What makes large, agile companies successful? The fact that each team, individually, is being agile. It's agile in parallel, not agile at scale.Yesterday I made the case that agile software development cannot grow to large scales. But obviously we have many companies with multiple agile teams. What gives?
While it may not be possible to scale agile, it’s certainly possible to run multiple agile teams in parallel.
Each team must have its own autonomy (i.e. be self-organized). Each team should talk to customers, etc. Each team should reflect on how it can improve, etc. Everything that the agile manifesto talks about.
How is this different than scaling agile?
That’s a great question. And to some extent, it does boil down to semantics. But I think the semantics are important here, because they are so frequently (usually) lost entirely.
In my mind, “agility” boils down to two closely related things:
- The ability to change quickly.
- The ability to make decisions locally (which is really just the key enabler for #1).

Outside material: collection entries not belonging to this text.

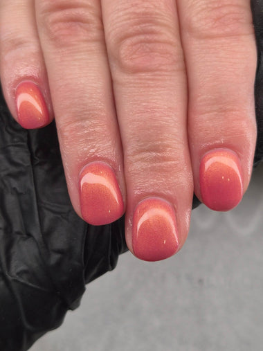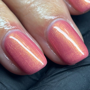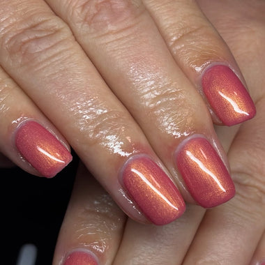 A warm, salmon-coloured hue with golden shimmer that creates a glowing, radiant effect, giving your nails a sophisticated and warm finish.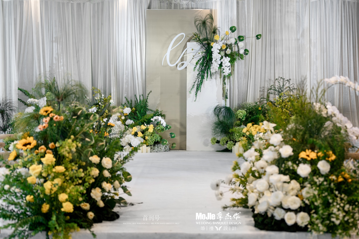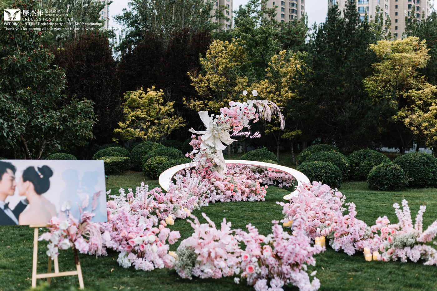 顶部,轻轻浅浅的粉色布幔,婉转流畅,不张不扬,勾勒了细腻的浪漫;地面,温柔的浅色系花艺与之呼应,只为营造一个真实自然又感动的氛围,呈现一场专属于二人的婚礼。[更多…]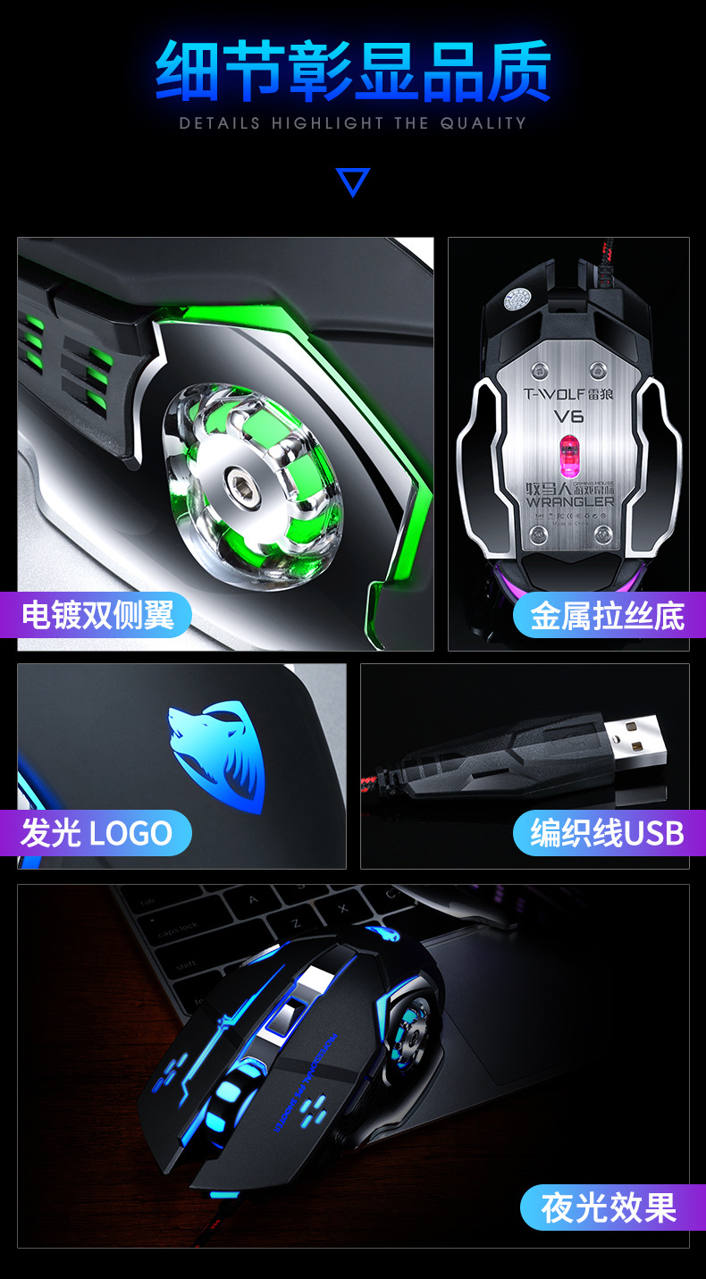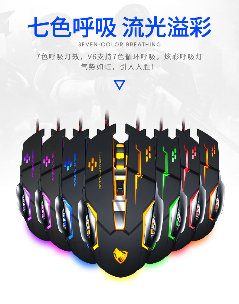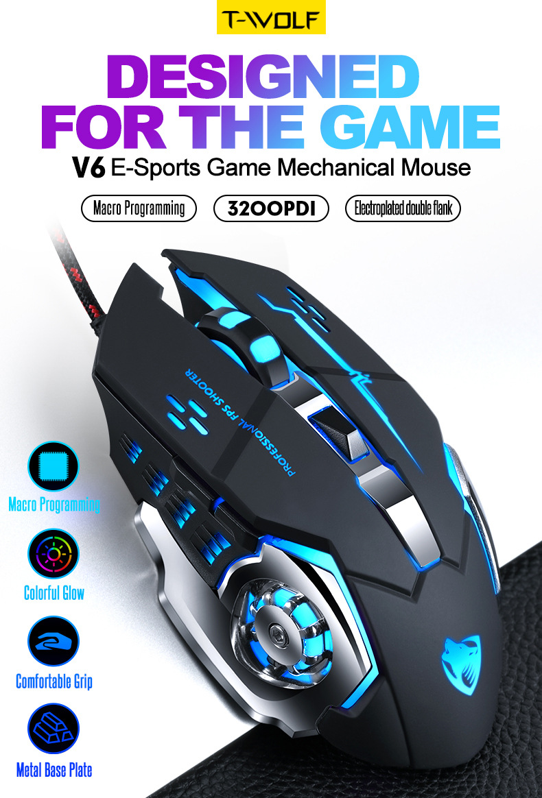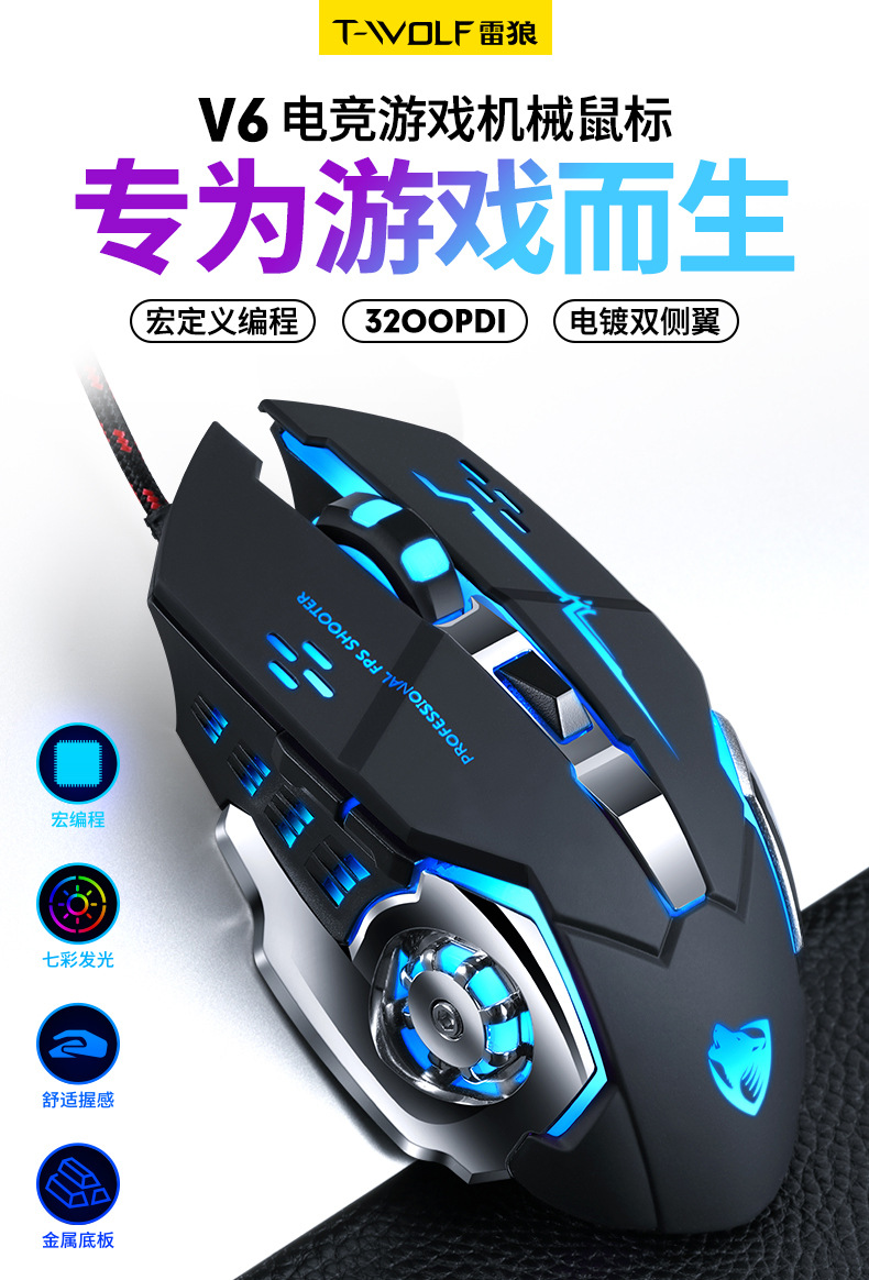 Механическая игровая мышь Cross-border Thunder Wolf V6, программирование макросов, мышь для киберспорта, пресс-пистолет Amazon, оптовая продажа
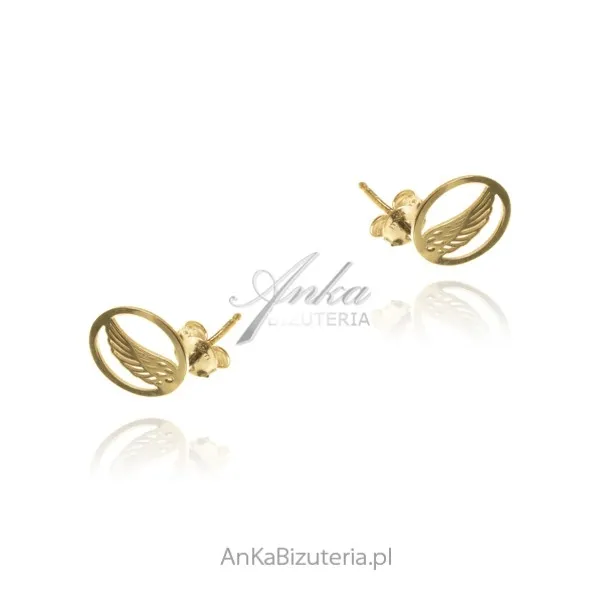 Kolczyki srebrne pozłacane skrzydełka w kółeczku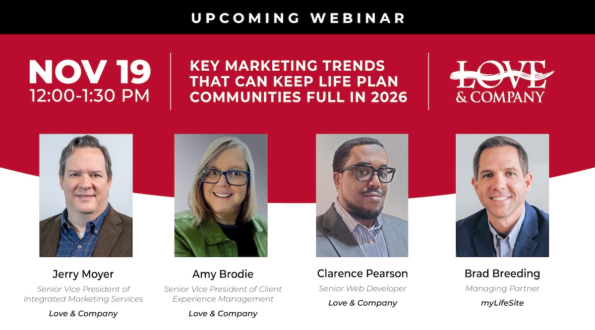 Drawing from both our own highly experienced marketing, sales, research and development planning specialists, and from a broad range of senior living professionals from throughout the field, Love & Company provides an ongoing stream of educational content that enables community leadership to stay on the cutting edge of senior living.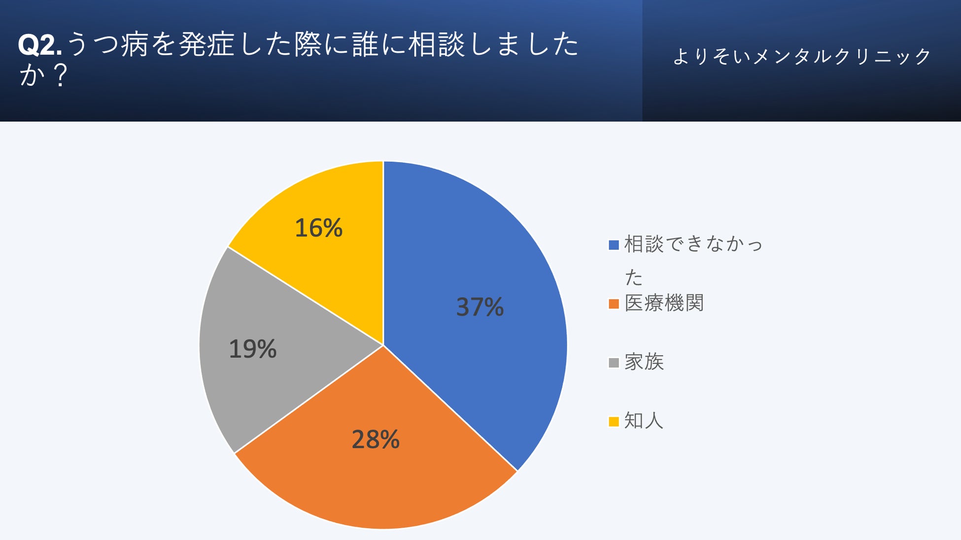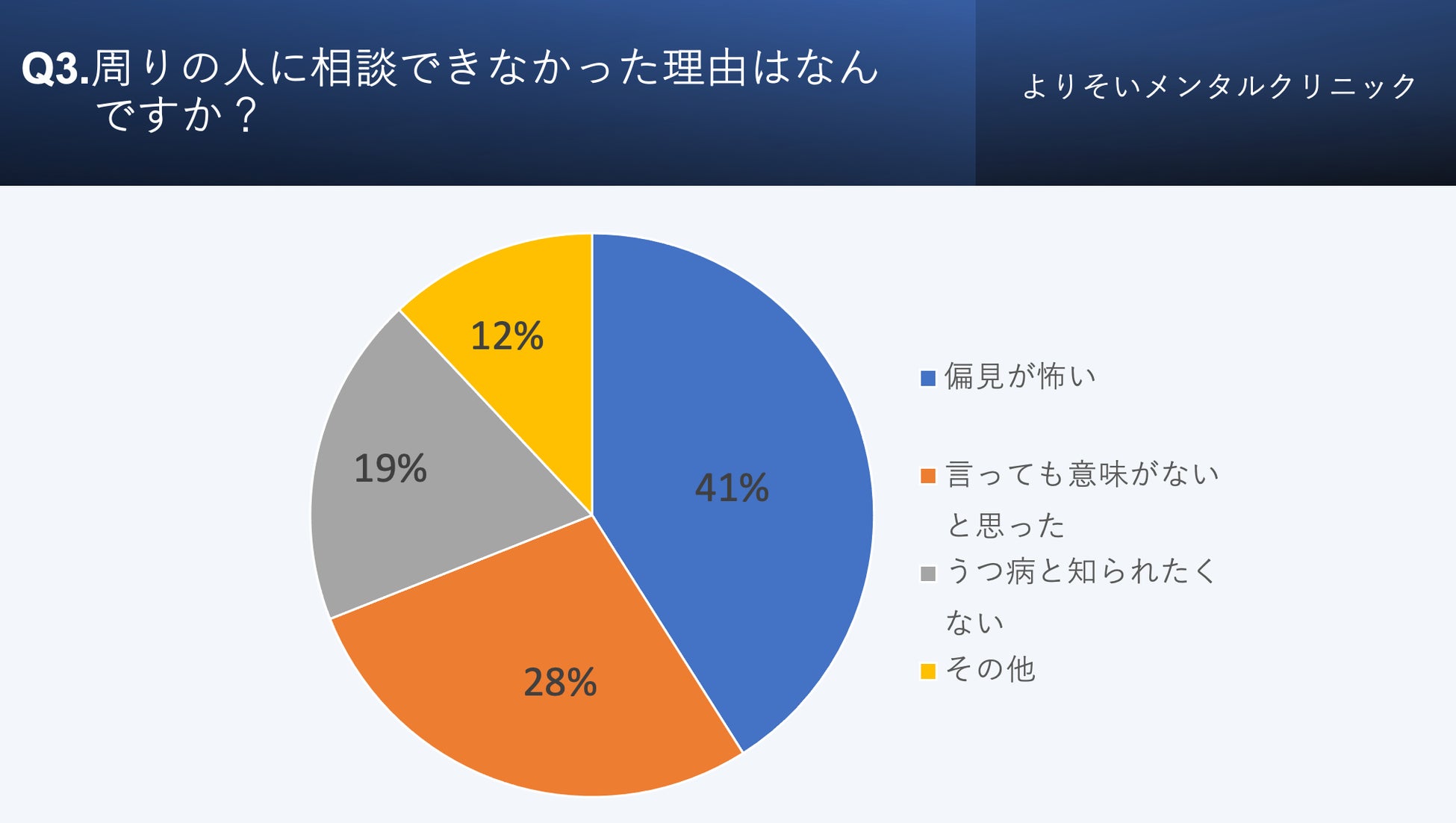 その結果、多くの方はうつ病を周りの方に相談できなかったと回答しました。

Frameworks which seek to organize agile teams tend to (in my experience) inhibit both of these, and thus are failing to “scale” agile. That’s not to say all frameworks are bad, but by design, they seek to limit freedom (ideally, in a good way). The danger thus comes when a framework begins to limit, rather than enable, agility. It’s like the story of the Goose that Laid the Golden Eggs: the very attempt to replicate the object of desire destroys that which we desire.
Obviously, there are large companies that are successfully achieving agility on many teams (or at least they purport to do so). What makes these companies successful?
I believe it’s the fact that each team, individually, is being agile. It’s agile in parallel, not agile at scale.
The book Team of Teams: New Rules of Engagement for a Complex World is a good case study of this sort of “agile in parallel” concept in practice, in the context of a number of large organizations, from the US Military to NASA.